Not everyone is going to go out and buy a new ARM Mac.  And Big Sur seems destined to run on x86 Macs for a while.


----------



## Johan Elzenga (Jul 1, 2020)

clee01l said:


> Not everyone is going to go out and buy a new ARM Mac.  And Big Sur seems destined to run on x86 Macs for a while.


Yes, that is what I said. I think the biggest risk for Mac users is not that Adobe would discontinue Lightroom Classic, or not make an ARM version of Lightroom Classic. The biggest risk is that Adobe discontinues the Intel version one day, and that this is a day when you still use an Intel Mac and have no desire to buy a new computer. I don't see that happen soon, but it may happen one day.


----------



## clee01l (Jul 1, 2020)

Johan Elzenga said:


> Yes, that is what I said. I think the biggest risk for Mac users is not that Adobe would discontinue Lightroom Classic, or not make an ARM version of Lightroom Classic. The biggest risk is that Adobe discontinues the Intel version one day, and that this is a day when you still use an Intel Mac and have no desire to buy a new computer. I don't see that happen soon, but it may happen one day.

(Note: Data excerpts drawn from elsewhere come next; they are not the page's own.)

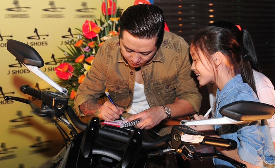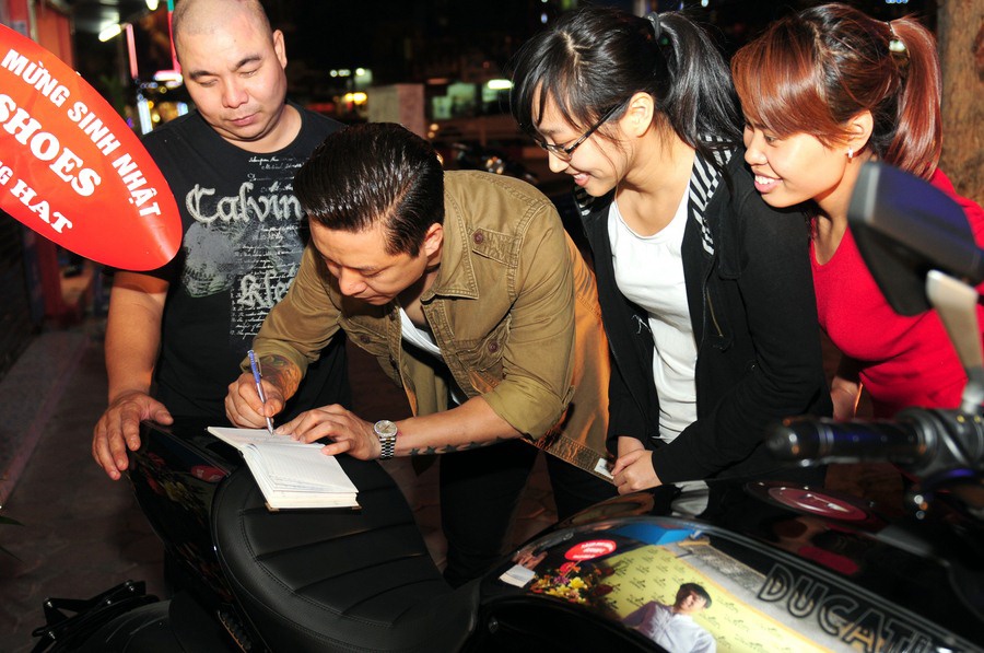 | Trong sự kiện khai trương tiệm giày mới của mình, Tuấn Hưng nhanh chóng khoe chiếc motor khủng mới sắm. Chiếc Ducati màu đen này được nam ca sĩ mua chiều cùng ngày với giá lên tới gần 700 trăm triệu đồng. Anh là một trong những nghệ sĩ hiếm hoi của V-biz có sở thích cầm lái những chiếc motor độc trên đường đông. |
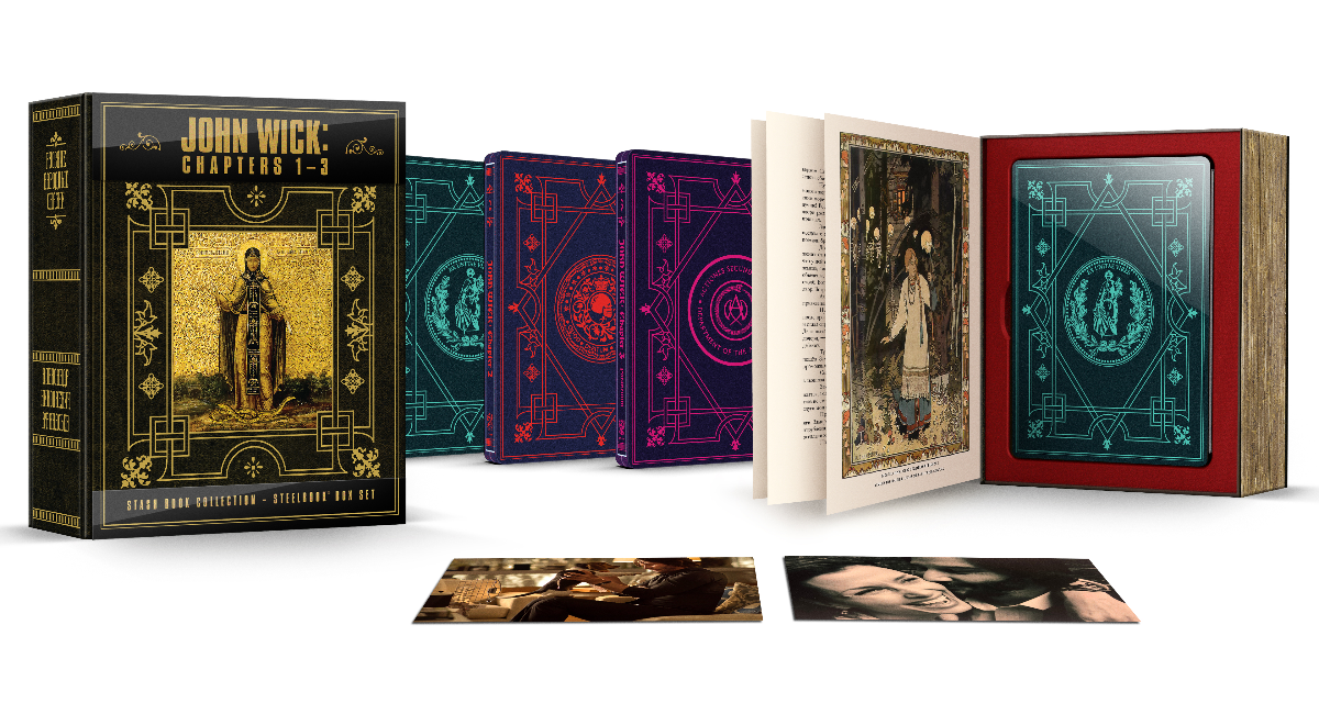 When housed in the outer box, the three SteelBooks form a replica of John’s killer “stash book” from John Wick: Chapter 3 – Parabellum. Each SteelBook features art with detailed imagery specific to the film within. This edition is BestBuy exclusive and retails for $99.99.
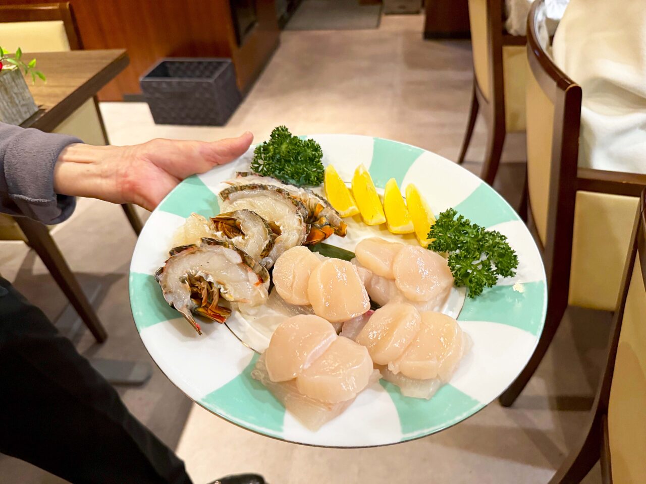 この日の魚介ステーキはホタテとメバル。
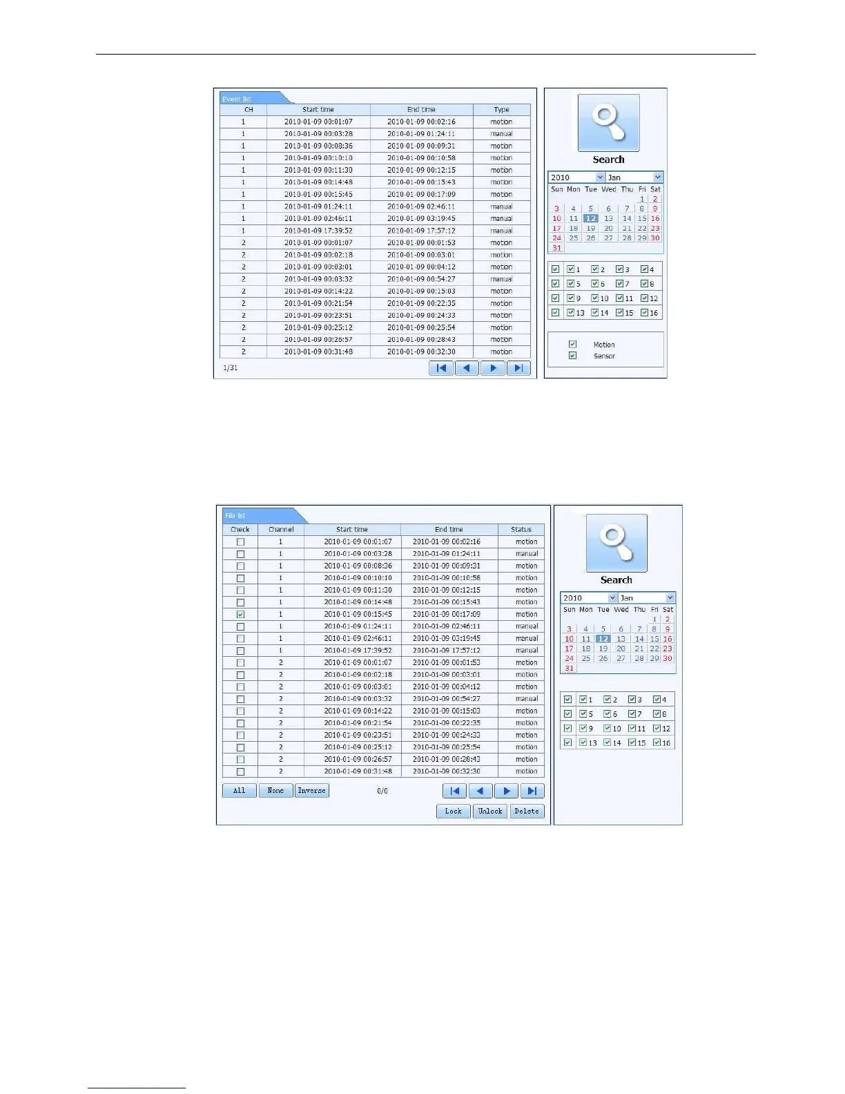 Step2: click the highlight date and select record channels and then tick off the event type: motion and sensor,

Apple typically sunsets Hardware after 5 or more years after production ceases.  There would be no incentive for Adobe to continue product updates after that time.


----------



## Johan Elzenga (Jul 1, 2020)

clee01l said:


> Apple typically sunsets Hardware after 5 or more years after production ceases.  There would be no incentive for Adobe to continue product updates after that time.


Yes, that is indeed the kind of time frame I'm expecting.


----------



## mcasan (Jul 1, 2020)

That is also the rough timeframe when Hackentoshes will  rapidly die off.    Several of the Hackentosh wizards have said no problem for the next 5-7 years provided the OpenCore team and others continue to work..   After that....best be planning to do Apple Silicon.


----------



## Victoria Bampton (Jul 16, 2020)

Official Response: 


> The team is working on a native version of Lightroom Classic for Apple Silicon, and it will be released next year. We're also committed to continuing support for Intel-based Macs.


----------